Task description ▸ Using the listing below, copy exactly each line from the one that has "Mamas & Papas" through the one that has "根据《合肥演艺集团有限公司2"; omit the pictures.

Records shown ▸
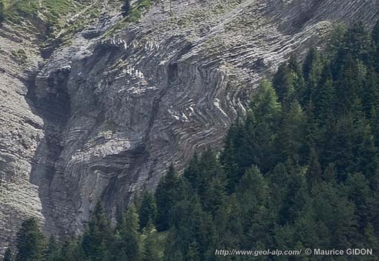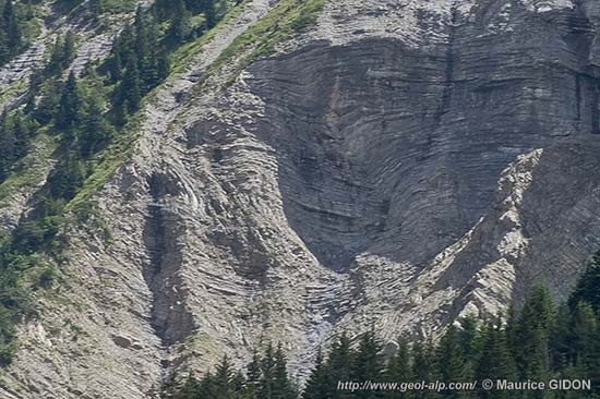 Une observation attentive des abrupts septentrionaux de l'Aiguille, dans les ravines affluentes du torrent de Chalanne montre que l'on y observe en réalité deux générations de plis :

...

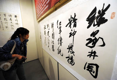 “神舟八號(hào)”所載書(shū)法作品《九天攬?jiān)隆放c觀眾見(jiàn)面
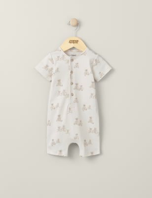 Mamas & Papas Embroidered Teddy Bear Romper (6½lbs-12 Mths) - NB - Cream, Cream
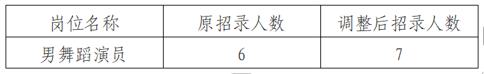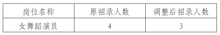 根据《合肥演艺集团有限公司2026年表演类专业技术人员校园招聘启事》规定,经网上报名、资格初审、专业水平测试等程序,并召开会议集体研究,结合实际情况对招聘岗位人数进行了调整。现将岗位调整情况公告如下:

Task response ▸
 Mamas & Papas Embroidered Teddy Bear Romper (6½lbs-12 Mths) - NB - Cream, Cream
 根据《合肥演艺集团有限公司2026年表演类专业技术人员校园招聘启事》规定,经网上报名、资格初审、专业水平测试等程序,并召开会议集体研究,结合实际情况对招聘岗位人数进行了调整。现将岗位调整情况公告如下:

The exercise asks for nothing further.